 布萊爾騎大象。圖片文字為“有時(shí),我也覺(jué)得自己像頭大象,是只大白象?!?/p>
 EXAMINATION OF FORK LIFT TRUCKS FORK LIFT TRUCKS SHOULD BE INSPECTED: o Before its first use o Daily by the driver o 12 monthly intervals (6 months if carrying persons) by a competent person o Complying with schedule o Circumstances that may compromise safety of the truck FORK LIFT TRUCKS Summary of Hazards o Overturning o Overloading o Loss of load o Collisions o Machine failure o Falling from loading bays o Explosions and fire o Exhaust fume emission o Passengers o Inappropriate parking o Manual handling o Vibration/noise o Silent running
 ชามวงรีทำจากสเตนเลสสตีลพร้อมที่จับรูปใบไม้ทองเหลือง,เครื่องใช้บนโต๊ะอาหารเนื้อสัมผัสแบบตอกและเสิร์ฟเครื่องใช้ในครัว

==

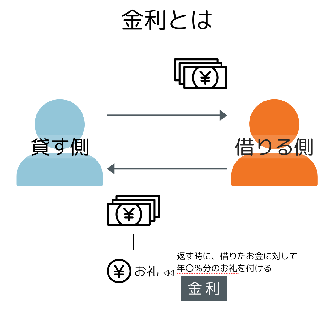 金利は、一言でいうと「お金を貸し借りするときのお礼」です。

Try it>
The expected output is exactly the lines of the listing above between the line holding "EXAMINATION OF FORK" and the line holding "ชามวงรีทำจากสเ", inclusive.

Answer to this task>
 EXAMINATION OF FORK LIFT TRUCKS FORK LIFT TRUCKS SHOULD BE INSPECTED: o Before its first use o Daily by the driver o 12 monthly intervals (6 months if carrying persons) by a competent person o Complying with schedule o Circumstances that may compromise safety of the truck FORK LIFT TRUCKS Summary of Hazards o Overturning o Overloading o Loss of load o Collisions o Machine failure o Falling from loading bays o Explosions and fire o Exhaust fume emission o Passengers o Inappropriate parking o Manual handling o Vibration/noise o Silent running
 ชามวงรีทำจากสเตนเลสสตีลพร้อมที่จับรูปใบไม้ทองเหลือง,เครื่องใช้บนโต๊ะอาหารเนื้อสัมผัสแบบตอกและเสิร์ฟเครื่องใช้ในครัว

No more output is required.